Cloudbasierte Datenplattformen werden häufig von den Melktechnik-Herstellern angeboten (s. Kasten). Ihr Vorteil ist der mögliche Zugriff auf die Daten von unterschiedlichen Standorten aus bei ihrer gleichzeitigen Absicherung. Einmal erfasste und überlassene Daten gehen in den Besitz des neuen Datenhalters, also des Plattformbetreibers, über. Um die einzeltierbezogenen Sensordaten dem entsprechenden Tier zuordnen zu können, muss das Tier eindeutig erkannt werden.
Eine Datenbank für Sensorsysteme
DeLaval. Digitale Landwirtschaft integriert intelligente, nachhaltige Arbeitsweisen und fördert die Vernetzung sowie Effizienz- und Produktivitätssteigerungen durch datengesteuerte Erkenntnisse. Digitale Werkzeuge wie DeLaval Plus sind darauf ausgelegt, Daten in verwertbare Erkenntnisse umzuwandeln:
- Bei der Verhaltensanalyse überwachen Ohrmarkensensoren zusammen mit Künstlicher Intelligenz das Verhalten und die Gesundheit jeder Kuh in Echtzeit. Sie verfolgen die Aktivität, das Wiederkäuen und die Fressgewohnheiten, um Gesundheitsprobleme frühzeitig zu erkennen. Diese Daten helfen auch bei der Optimierung von Fütterungspraktiken und der Verbesserung des Herdenmanagements. Darüber hinaus identifiziert das System mithilfe von Künstlicher Intelligenz brünstige Kühe und empfiehlt den optimalen Zeitpunkt für die Besamung. Es ermöglicht eine genaue Echtzeitortung der Kühe im Stall. Die Überwachung des Aufenthaltsortes rund um die Uhr ermöglicht die Analyse der Zeit, die Kühe in den verschiedenen Stallbereichen verbringen, und erleichtert so das Erkennen von Veränderungen in ihrem normalen Tagesablauf.
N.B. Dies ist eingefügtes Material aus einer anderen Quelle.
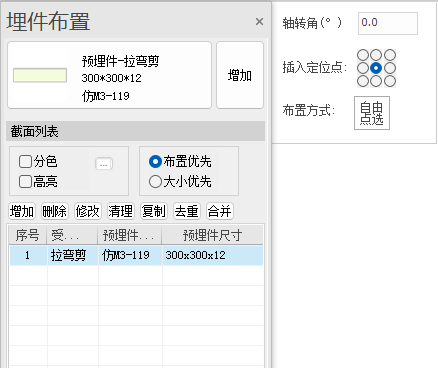 点击菜单中【预埋件】图标后,在屏幕左侧弹出预埋件的布置面板。布置面板由三部分组成:截面参数、截面列表和布置参数mini框。

- Datenanalysen mithilfe des KI-Modells DeepBlue, um Empfehlungen auf der Grundlage aktueller und historischer Daten zu geben. Sie helfen dem Landwirt, die bisherige Leistung zu verstehen und Möglichkeiten zur Verbesserung zu erkennen. Wer mit dem Melksystem »VMS™ V310« arbeitet, kann zudem auf die Anwendung »Reproduktionsleistung RePro« zugreifen. Damit wird der Progesteronspiegel in der Milch aufgezeichnet.
- Mit Prognosen zur künftigen Tiergesundheit und Betriebsleistung unterstützt das System den Milchviehhalter bei der Planung und Verbesserung des Melkens, der Fütterung und des gesamten Managements. Dazu gehört auch die Anwendung »Krankheitsrisiko«, die mithilfe Künstlicher Intelligenz frühe Anzeichen von Krankheiten wie Mastitis oder Ketose erkennt, eine rechtzeitige Behandlung ermöglicht und potentielle Verluste reduziert.